Rock Island Armory or Metroarms American Classic 1911's


----------



## GCBHM

Springfield 1911 Mil Spec. $599-629 range.


----------



## BigCityChief

GCBHM said:


> Springfield 1911 Mil Spec. $599-629 range.


Really? I love my MilSpec, but I paid a lot more than that for it.


----------



## GCBHM

BigCityChief said:


> Really? I love my MilSpec, but I paid a lot more than that for it.
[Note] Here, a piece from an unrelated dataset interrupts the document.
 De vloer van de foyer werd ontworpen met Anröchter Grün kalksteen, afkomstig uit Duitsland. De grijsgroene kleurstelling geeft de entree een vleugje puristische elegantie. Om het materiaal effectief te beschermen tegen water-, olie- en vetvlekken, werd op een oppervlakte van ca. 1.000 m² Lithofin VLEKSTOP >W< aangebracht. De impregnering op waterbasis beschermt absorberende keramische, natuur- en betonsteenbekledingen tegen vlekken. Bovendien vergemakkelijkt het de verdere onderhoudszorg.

Yep! I just held one last week and it was listed at $629, but I could have walked out with it for that. I bought one last year at the same store for $499.


----------



## BigCityChief

GCBHM said:


> Yep! I just held one last week and it was listed at $629, but I could have walked out with it for that. I bought one last year at the same store for $499.


Ouch!! Good for you!


----------



## Fon1961

Enjoyed shooting an sr1911c today, less than $700.


----------



## Owyhee

Just took it to the range and ran 80 rounds through it today. But have to say I'm pleased with my Citadel M-1911. Made by Armscor. No rattles, no jams and is more accurate than I am. Paid $529 for it (probably can find it a little cheaper some places). I will admit the Ruger impresses me, too.


----------



## shaolin

I bought a S&W 1911 for $715 and it is my most accurate big bore gun. It even more accurate than my Kimber 1911 that I paid over $1000 for.


----------



## dirtybird

If you could add another $50. the Springfield range officer is a nice gun. 
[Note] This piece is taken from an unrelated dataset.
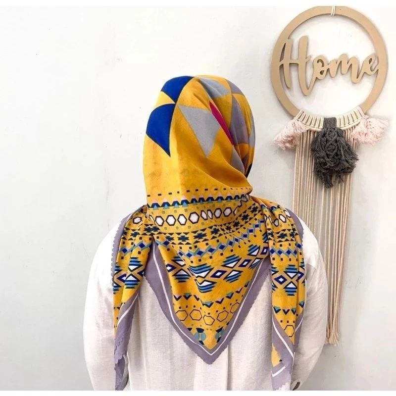 Hijab Segi empat motip series kuning Terlaris/Kerudung Segiempat motif lasser cut

Sent from my iPhone using Outdoor Forums


----------



## VitalStatistic

Ditto on the Remington R1S. Great weapon for the price. Fit and finish are great - outstanding accuracy out of the box. Do recommend getting some additional quality mags like Chip McCormick and/or Wilson Combat, some have FTF issues with factory mags. Mine are working well, but bought some Wilson 8rd ETMs to suppliment.


----------



## VitalStatistic

Agree with most - believe the Remington R1 and Ruger SR1911 are two of the best of the bunch in this price range.


----------



## LePetomane

Ruger SR1911. Great gun.


----------



## TomR

redlinesrule said:


> As stated in the title: What's the best value 1911 in the $500-700 range, new/out of the box? I'm looking for some general knowledge & opinions on this platform & of course anyone who's had one that has been reliable & well made for that price. This wouldn't be for carry but more for taking to the range & having some fun. We all know that you 'basically get what you pay for' in 1911's but where my money's been spent on my personal carry, this is what I have to purchase one. Thanks for the read & looking forward to your comments. ~ Don


Actually 5 bucks under the price range stated I picked up a Regent R350CR for $495.00.

I've put just over 600 rounds through it so far with NO malfunctions.


----------



## CharlieW

OK, I currently have several of the pistols mentioned above -- Metroarms .45 (branded Firestorm), RIA 9mm, Remington R1E, and Ruger SR1911CMD. The Firestorm doesn't have the accuracy of the other three, but it is a fantastic platform for my .22 conversions (Ceiner and GSG). For the money, the RIA is a winner - I may have got a good one but everyone who shoots it agrees that it is fantastically accurate. The Remington is tight, solid and also very accurate. The Ruger has the best trigger of the bunch, and the sights are set just perfectly for me. So, I can recommend all the "R" brands without reservation. I don't think you can go wrong with any of them.


----------